There are at least 2 post offices in other shops in Nottingham which I
mapped. at Wilkinson
http://www.openstreetmap.org/node/386846669#map=19/53.00082/-1.19583(possibly
now Wilko !) in Bulwell I never checked inside the store so rather lazily I
just tacked on the amenity tag; at The Co-operative
http://www.openstreetmap.org/way/4440508#map=19/52.95587/-1.22930
supermarket (need to check how this is branded these days too) I did survey
inside and added the post office  associated post box reasonably
accurately.

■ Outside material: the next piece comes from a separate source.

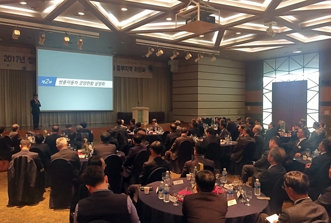지난 14일 수원 호텔 캐슬에서 열린 중부지역 협동회 경영현황 설명회에는 쌍용자동차 최종식 대표이사, 협동회 중부지역부회장 유진레이델 이종숙 대표이사를 비롯한 쌍용자동차 임직원 및 협동회 중부지역위원회 소속 협력사 대표 70여명이 참석했다.

The distinct disadvantage of putting the shop and amenity tags
on the same node is that only one gets rendered. (Incidentally, this
applies to many smaller sub postoffices, they are actually located within a
convenience store or similar, but we rarely try and separate the locations)

Jerry

On 25 October 2014 22:29, ael law_ence@ntlworld.com wrote:

 On Sat, Oct 25, 2014 at 08:19:25PM +0100, Dan S wrote:
   However two nodes with standard tags don't distinguish W H Smiths
   inside Post office from the inverse. That seems a useful distinction.
   sub_shop=yes is ugly, but perhaps something along these lines already
   exists or is needed?
 
  This may have been discussed heavily elsewhere, I don't know. My own
  opinion is that if you need something to be _inside_ something else,
  there's no point trying to do that just with nodes, since areas are
  perfect for the job!

 Agreed, but it breaks the symmetry and requires more careful survey.
 In my case, gps is a bit poor among tall buildings, and the shops
 are all in one big building. I can get a rough outline from Bing, but
 the inner walls would be guesswork. I don't want to introduce spurious
 accuracy into the database, so nodes seem appropriate here.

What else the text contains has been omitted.